Se um médico decidir, em consulta com os pais, não operar um bebé com síndrome de Down e obstrução intestinal (deixando-o, assim, morrer), a sua motivação será semelhante à do médico que lhe dá uma injecção letal em vez de deixar o bebé morrer. Em nenhum dos casos é necessário qualquer heroísmo moral. Não operar porá fim à vida com tanta certeza como uma injecção letal. Deixar morrer tem, de facto, uma vítima identificável. (…) As diferenças extrínsecas que normalmente demarcam a morte provocada do deixar morrer explicam o facto por que razão, normalmente, achamos que matar é bem pior que deixar morrer.

P. 317 (Ética e Lei)

Temos alguma obrigação moral de obedecer à lei quando a lei protege e sanciona coisas que achamos totalmente erradas?

Filósofo Robert Paul Wolff: “A marca definidora do Estado é a autoridade, o direito de governar. A primeira obrigação do homem é a autonomia, a recusa em ser governado. Poderia parecer, então, que não há solução para o conflito entre a autonomia do indivíduo e a suposta autoridade do Estado. Enquanto o homem cumprir a sua obrigação de ser o autor das suas decisões resistirá à pretensão do Estado de ter autoridade sobre si.”

Henry Thoreau, Civil Disobedience, século XIX: “Terá o cidadão de entregar a sua consciência ao legislador, nem que seja por um só momento ou no grau mínimo? Para que terá então todo o homem uma consciência? Penso que devemos ser em primeiro lugar homens e só depois súbditos. Não é desejável cultivar o respeito pela lei nem pelo direito. A única obrigação que tenho o direito de assumir é a de fazer sempre aquilo que penso ser justo.”

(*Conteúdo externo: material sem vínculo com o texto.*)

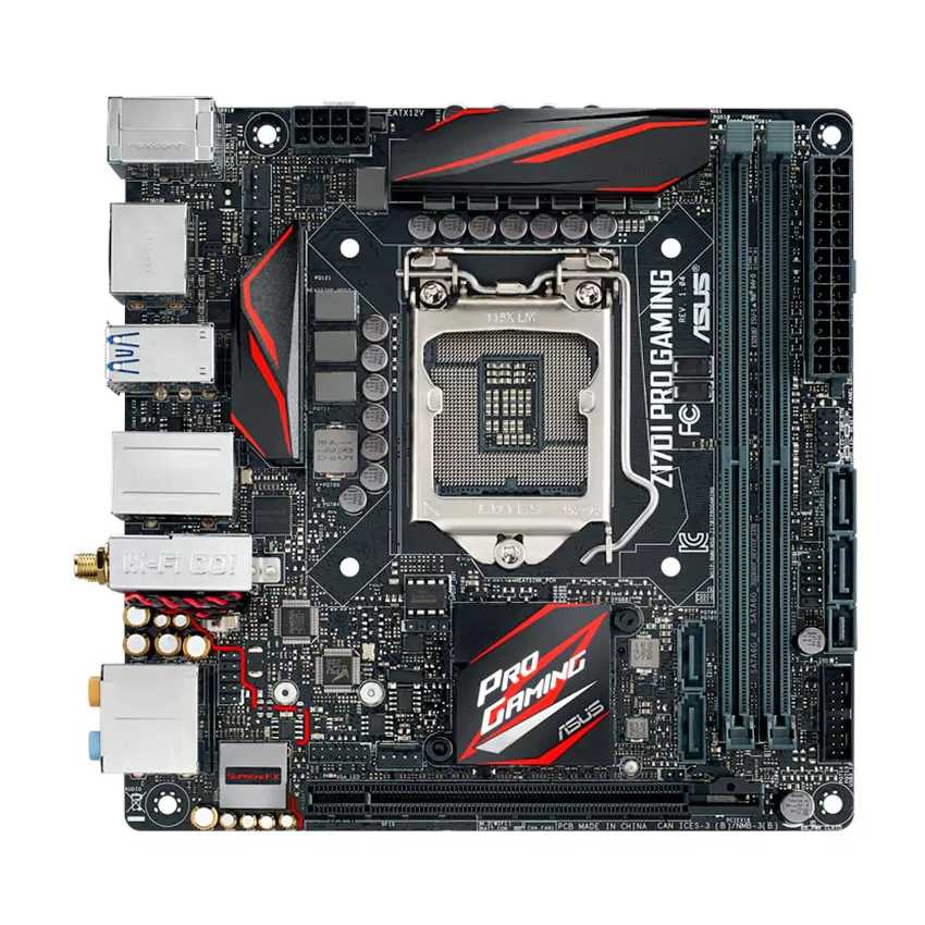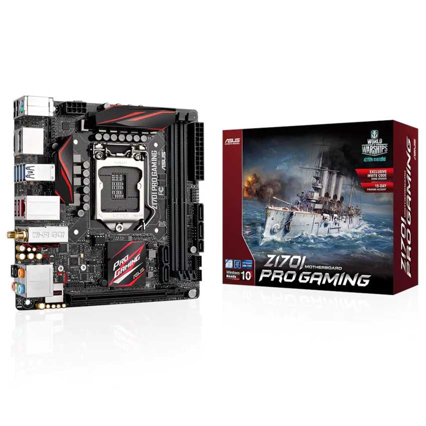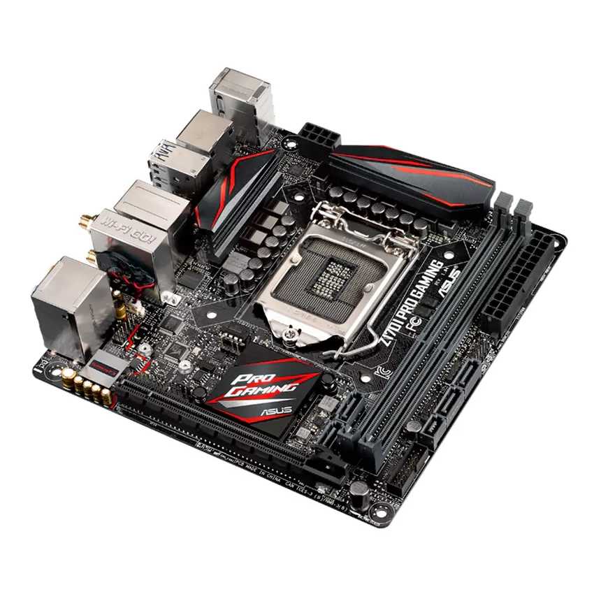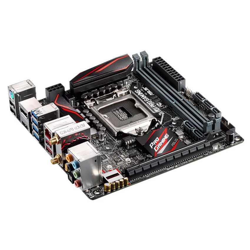 Descripción ASUS Z170I Pro Gaming. tipos de memoria compatibles: DDR4-SDRAM, Tipo de ranuras de memoria: DIMM, Canales de memoria: Dual. Familia de procesador: Intel, Procesador compatible: Core i5, Core i7, Celeron, Pentium, Core i3, Socket de procesador: LGA1151. Interfaces de unidad de disco duro soportadas: Serial ATA III, M.2. Controlador LAN: Intel I219-V, Tipo de interfaz ethernet: Gigabit, Wi-Fi estándares: 802.11g, 802.11ac, 802.11b, 802.11n. Componente para: PC, Familia de componentes de tarjeta madre: Intel, Tarjeta madre, factor de forma: Mini ITX

Atenção: a ética requer imperativos racionais e universais.

P. 374

Qual é a importância moral da distinção entre provocar a morte de um paciente, retirando-lhe o tratamento necessário ao prolongamento da vida, e provocá-la por meio de uma intervenção activa?

P. 381

 
Voltaire: “não concordo com o que diz, mas defenderei até à morte o seu direito de dizê-lo”.